Diagnosi: All’esame obiettivo si può evidenziare ipotono del quadricipite e/o del vasto mediale, accorciamento delle catene laterali e posteriori; a volte è presente lieve versamento nello sfondato sotto quadricipitale; la compressione passiva della rotula ed il test della raspa* sono tipicamente positivi, provocando dolore e scroscio articolare; dolorosa può essere anche la contrazione isometrica del quadricipite contro resistenza tra 0 e 30° di flessione. Una eccessiva traslazione o inclinazione laterale della rotula indicano, invece, instabilità rotulea; Il tilt rotuleo laterale è determinato dalla lassità del legamento alare mediale e contemporanea retrazione/rigidità dell’alare laterale. Nelle instabilità anche il test di apprensione* risulta positivo. Per quanto riguarda gli esami strumentali, la radiografia convenzionale con proiezioni assiali a 30°-45°-60° gradi riescono ad evidenziare una displasia rotulea o trocleare. La RMN evidenzia invece la presenza di versamento articolare, alterazione della cartilagine femoro-rotulea e lesioni associate.

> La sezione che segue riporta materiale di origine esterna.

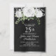 Élégant, vintage, noir et argent avec bouquet floral blanc invitation pour une fête d'anniversaire de mariage de 25 ans.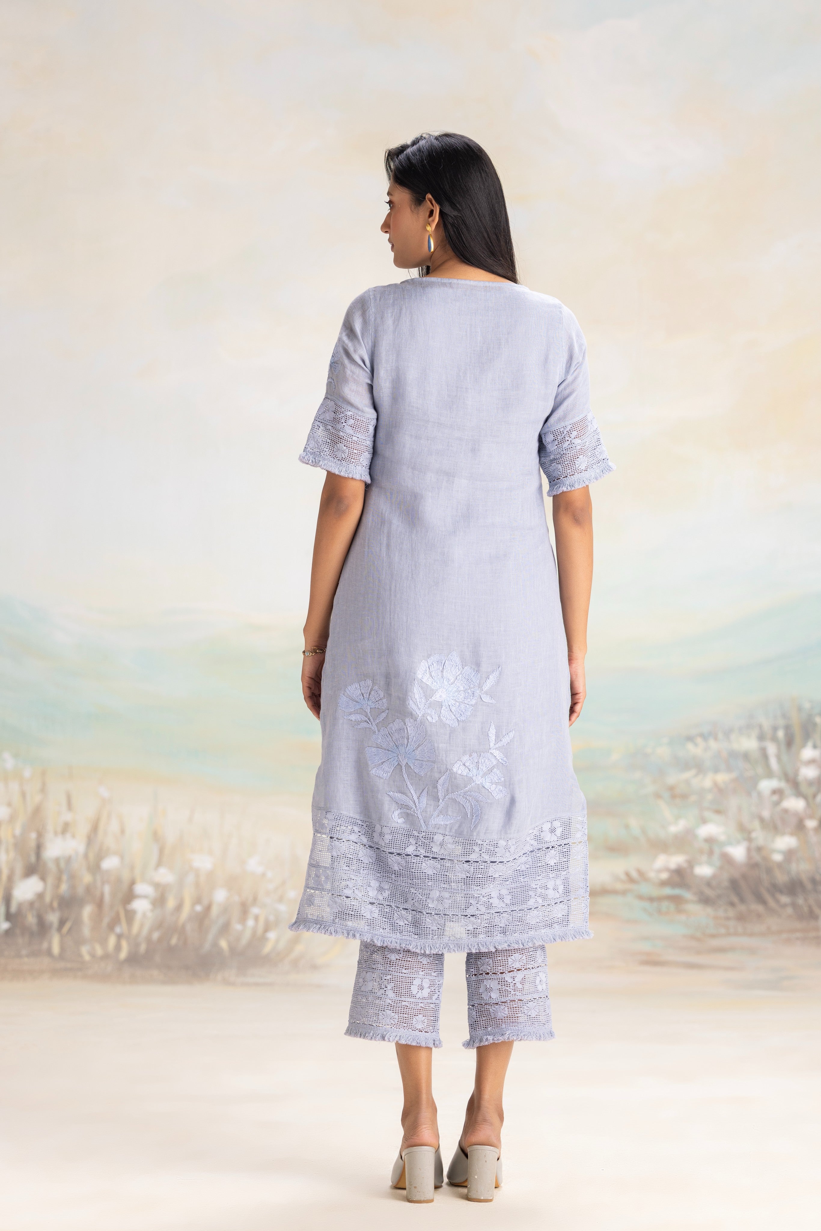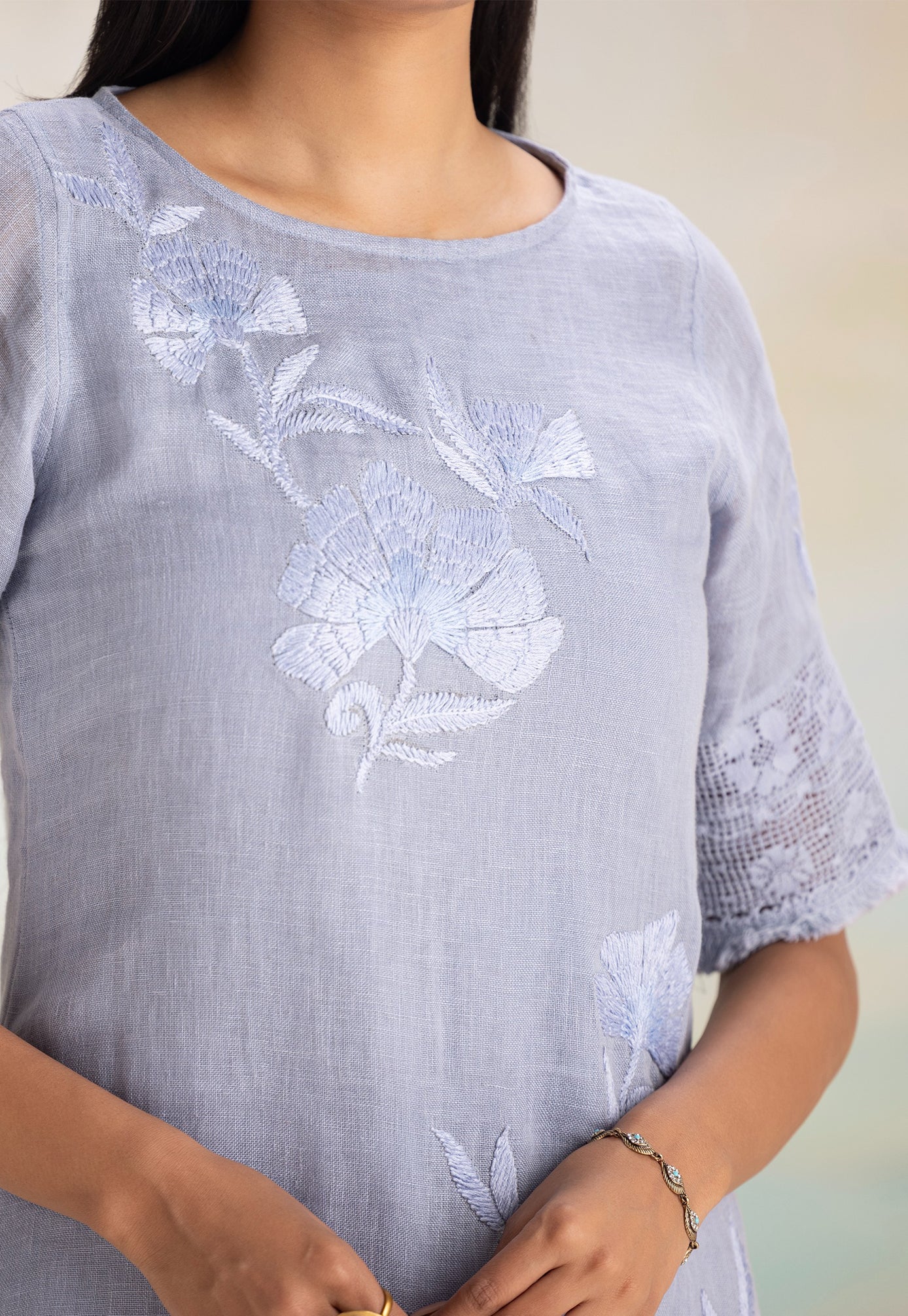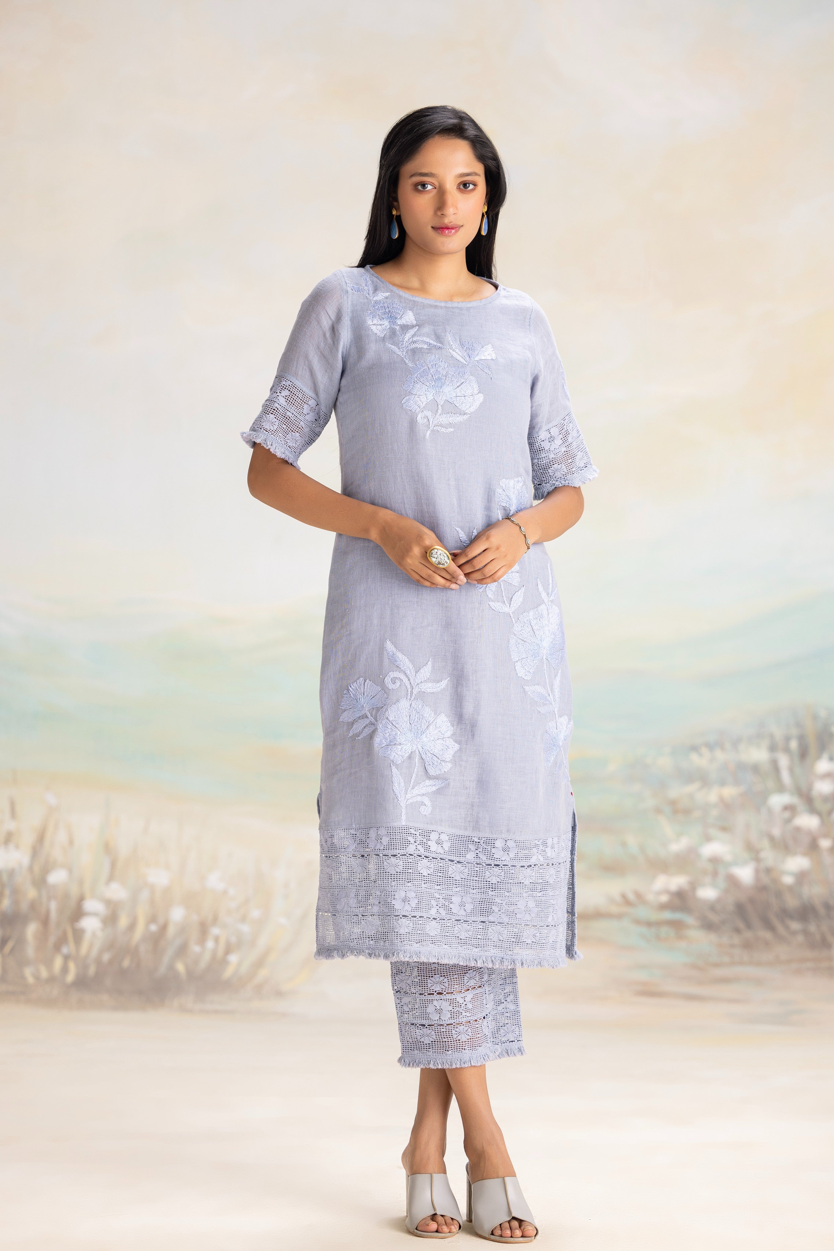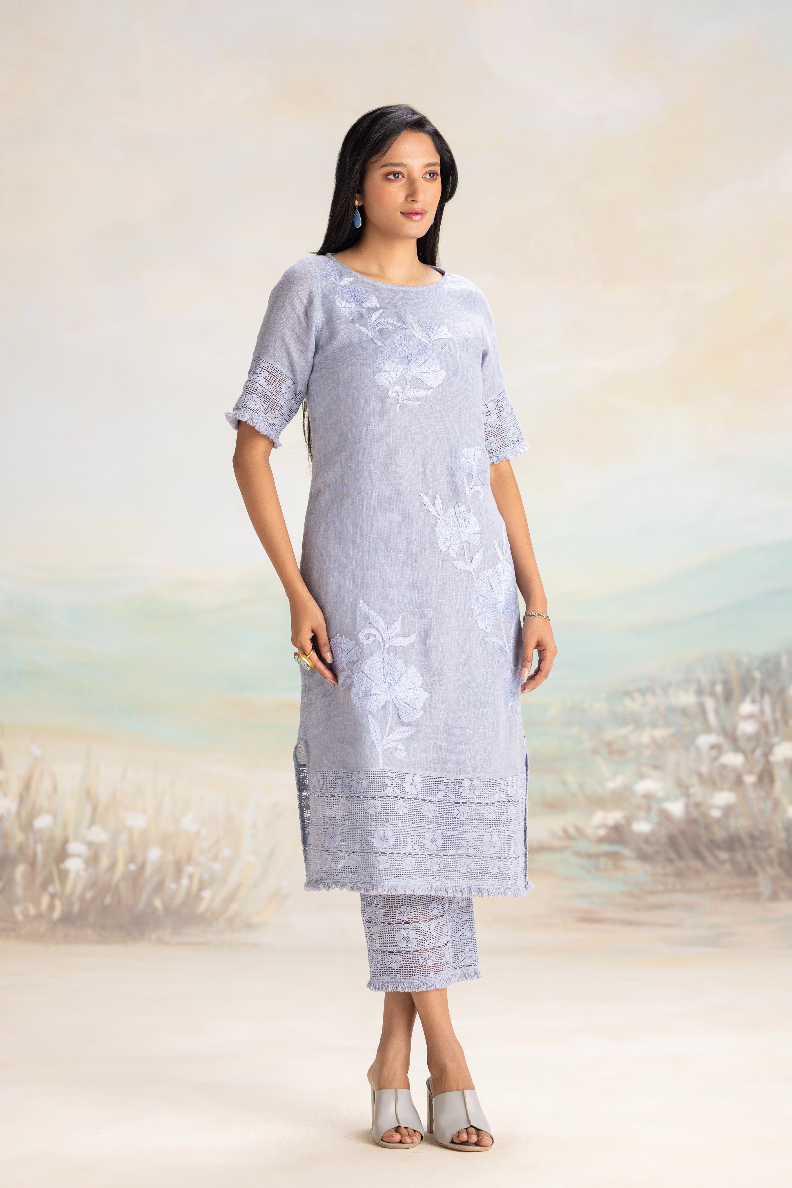 Step into the season with effortless grace in Snow Flower - a stunning collection inspired by the ethereal yet resilient White Crocus. Designed for tranquil moments under the sun for your next getaway, each piece is handcrafted from light weight breathable linen fabric, hand-embroidered with tone-on-tone placement embroidery- pervading seamlessly along the body of the fabric. A stylish testament to exquisite craftsmanship and breezy sophistication.

Tilt laterale della rotula in caso d’instabilità

Trattamento: è per lo più conservativo; in fase acuta è necessario ridurre i carichi sportivi. In questa fase si consigliano FANS, crioterapia, terapie strumentali antalgiche (Tecar, Laser, Ultrasuoni) e terapia manuale mio tensiva, abbinata allo stretching di ischio-crurali, vasto laterale, gemelli e tensore della fascia lata; Ridotto il dolore iniziano gli esercizi terapeutici (ET). Gli ET sono effettuati coinvolgendo in sinergia rachide lombosacrale, anche e ginocchia e sono volti principalmente al:

  • Potenziamento selettivo del vasto mediale obliquo, per sfruttare il suo effetto “centrante” sulla rotula; importante è anche il rinforzo di abduttori ed extrarotatori delle anche che migliorano la cinematica del ginocchio e riducono il valgo dinamico. Si inizia con il rinforzo isometrico ed isotonico in catena cinetica chiusa, evitando la flessione eccessiva delle ginocchia. La catena cinetica aperta e la cyclette (a sellino alto) vengono inserite successivamente.
  • Detensione di ischiocrurali, tensore della fascia lata, gemelli e legamento alare laterale
  • Esercizi propriocettivi statici e dinamici, per migliorare la cinematica degli arti inferiori e ridurre il valgo dinamico
  • Graduale ripresa della corsa su tapis roulant

Durante il percorso riabilitativo possono essere utilizzate ginocchiere con centraggio rotuleo e praticato il taping tipo McConnel o il Kinesio Taping, al fine di ridurre l’inclinazione e la lateralizzazione rotulea. Nei difetti di appoggio plantare come ad esempio le ipepronazioni, sono indicati plantari correttivi. In caso di sofferenza o lesione della cartilagine si rivelano utili gli integratori per il trofismo osseo e cartilagineo e le infiltrazioni con acido ialuronico o PRP al fine di ridurre l’infiammazione e dare un supporto trofico alla cartilagine.

Nei casi più gravi o non responsivi al trattamento conservativo, si rende necessario l’intervento chirurgico di release dell’alare laterale, associato alla trasposizione della tuberosità tibiale.

*- Il test della raspa si effettua a ginocchio esteso, spingendo con la mano la rotula dall’alto verso il basso; a questo punto si chiede di contrarre il quadricipite. La manovra è positiva se provoca dolore e scroscio articolare.

– il test di apprensione si effettua con il ginocchio esteso; l’esaminatore blocca lateralmente la rotula. Richiedendo al paziente di flettere il ginocchio la rotula tendenderà a sublussarsi, provocando dolore.